Big Data Tools
A data engineering plugin
dbt® deeper concepts: materialization
In the first part of this blog series, I described basic dbt® concepts such as installation, creation of views, and describing models. I could have stopped there, but indeed, there are some drawbacks to only using views to build the whole transformation layer in our database. Sometimes we don’t really need to use a view and a view may run slowly even in databases oriented toward analytical workflows.
I’ll start by giving an overview of ephemeral views.
Ephemeral views
In some cases, we don’t really want to have an entity for a dbt® model, rather we want this model to be inlined in other entities. As an example, take a look at the first model from the previous post. It’s very basic. I reckon we’ll be ok with inlining it into the second model. To make the model ephemeral, we need to perform one single action:
Add a line {{ config(materialized='ephemeral') }}
to the top of the model.
If we do it with our user
model, the code will become the following:
{{ config(materialized='ephemeral') }} SELECT * FROM customer
After running the dbt build
command (and deleting all the existing views just in case), I see that there is now only one view in the DB: user_post_count
. It is exactly as it was defined in the user_post_count model, but the compiled code is different, it’s not:
WITH users AS ( SELECT u.id user_id, u.username username FROM "demo"."public"."user" u ) SELECT user_id, username, count(post.id) post_number FROM users, post WHERE post.author = user_id GROUP BY user_id, username
but rather:
WITH __dbt__cte__user as ( select * from customer ),users AS ( SELECT u.id user_id, u.username username FROM __dbt__cte__user u ) SELECT user_id, username, count(post.id) post_number FROM users, post WHERE post.author = user_id GROUP BY user_id, username
Do you see how this trick works? dbt added a new, “synthetic” CTE named __dbt__cte__user
, and now uses this instead of the call to view, named user
. But all the tests still run!
If you want to check what will be executed, you can call dbt compile
and then look at everything that is generated, including tests in the target
directory.
Of course, ephemeral views do not solve execution speed problems– it is mainly just syntactic sugar.
What if we need to materialize the data because the queries are taking too long?
Table views
To make the model materialize into a table, we just need to add the appropriate config to it:
{{ config(materialized='table') }} WITH users AS ( SELECT u.id user_id, u.username username FROM {{ ref('user') }} u ) SELECT user_id, username, count(post.id) post_number FROM users, post WHERE post.author = user_id GROUP BY user_id, username
After execution, we will find a table named user_post_count
in our database.
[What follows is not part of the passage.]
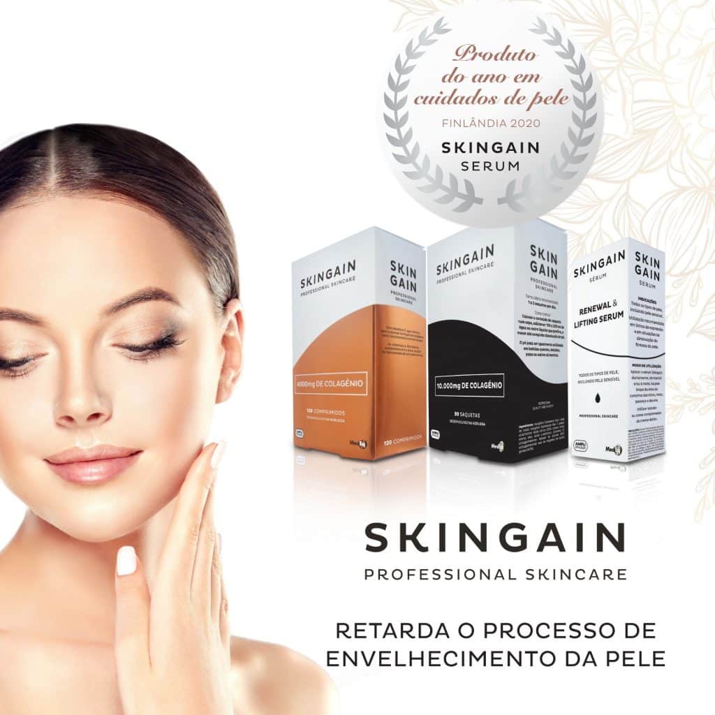 A escolha de SKINGAIN Sérum Renovador & Lifting foi efetuada por profissionais de espaços de saúde na Finlândia e é um reconhecimento que vem reforçar a qualidade e inovação associadas à fórmula deste produto que completa a gama SKINGAIN – Professional Skincare, indicada para retardar o processo de envelhecimento da pele.

There are cons with such a solution that are obvious. For instance, we will need to rebuild the whole thing every time and, as we know, when we’re working with a large amount of data, queries can take hours to complete. More data means that more time is required to build a view. And what if we need to have lots of materialized views of this sort? It could take forever!
The solution to this is to use incremental models!
Incremental models
Incremental views allow you to store only the changed/new parts of underlying entities. Of course, there is no magic solution, so making incremental models is a bit more complex and involved.
In this case, it won’t be enough to use any of the examples from the previous blog post, so I will use something else. I have chosen the Sakila database.
Sakila database
The Sakila database is a normalized model of the DVD rental business. It was originally developed by Mike Hillyer for MySQL. It has since been ported to other databases by DB Software Laboratory (http://www.etl-tools.com).
You can find everything you need to deploy the Sakila database to PostgreSQL on GitHub at jOOQ repository, courtesy of Lukas Eder.
What is very cool about Sakila is that it already contains everything needed to build incremental views! What makes Sakila so different from our previous test database? Well, first off, every table contains a column called last_updated
. We can use these columns to determine if the model needs to be updated and what data should be added there.
First incremental model
Let’s make an example of what can be counted incrementally in our DVD rental store. The first idea that comes to my mind is the total amount of daily payments.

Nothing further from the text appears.